- **Work to complete**: The answer must reproduce all of the data below exactly and contain no images.

━━━━━ Provided data ━━━━━

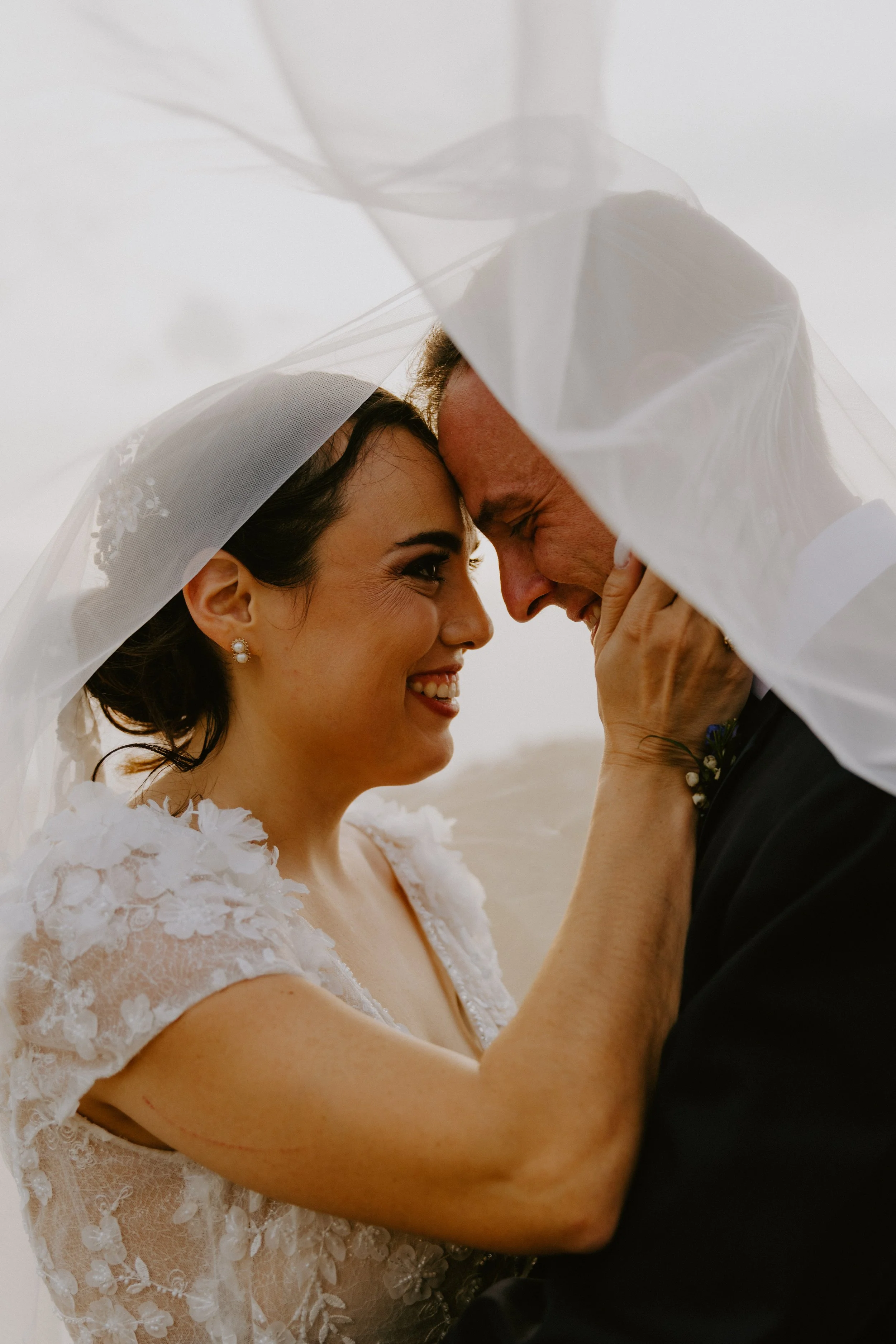 A bride and groom standing close together under a veil, smiling and touching foreheads, during their wedding.
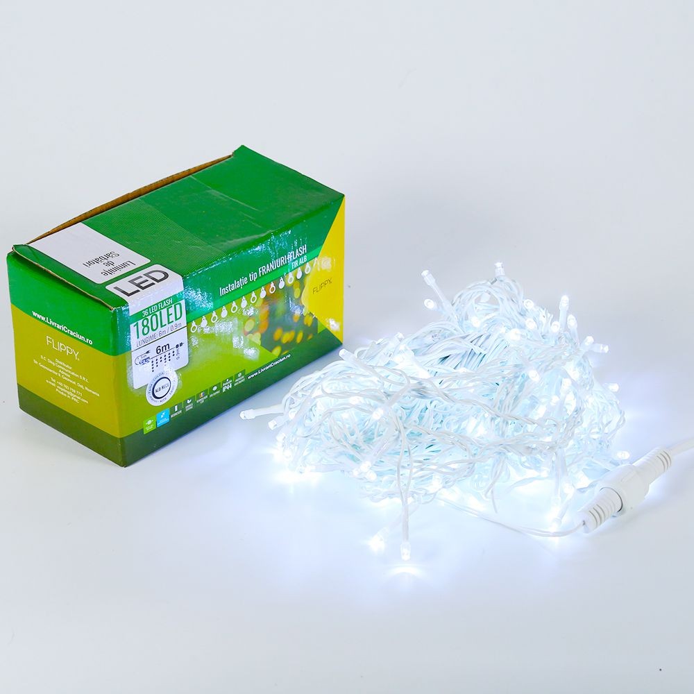 Instalatie de Craciun Flippy® Tip Franjuri cu Flash, 6 m, 180 LED-uri, Interconectabila, Alb Rece este interconectabila, lucru ce permite conectarea mai multor instalatii in limita a 3.000 de LED-uri.
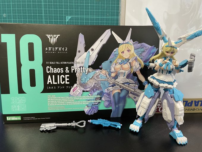 本日の積みプラ崩しはアリス。 こちらも箱絵で買ったキットです。 兎とニコイチしたり面白いプラモでした。 耳が大きくあしもゴツくていい感じです。 あとやっぱりかわいい。 #美プラ #プラモ好きと繋がりたい #カオスアンドプリティアリス #メガミデバイス #模活 #積みプラ

━━━━━

- **Task answer**:
 A bride and groom standing close together under a veil, smiling and touching foreheads, during their wedding.
 Instalatie de Craciun Flippy® Tip Franjuri cu Flash, 6 m, 180 LED-uri, Interconectabila, Alb Rece este interconectabila, lucru ce permite conectarea mai multor instalatii in limita a 3.000 de LED-uri.
 本日の積みプラ崩しはアリス。 こちらも箱絵で買ったキットです。 兎とニコイチしたり面白いプラモでした。 耳が大きくあしもゴツくていい感じです。 あとやっぱりかわいい。 #美プラ #プラモ好きと繋がりたい #カオスアンドプリティアリス #メガミデバイス #模活 #積みプラ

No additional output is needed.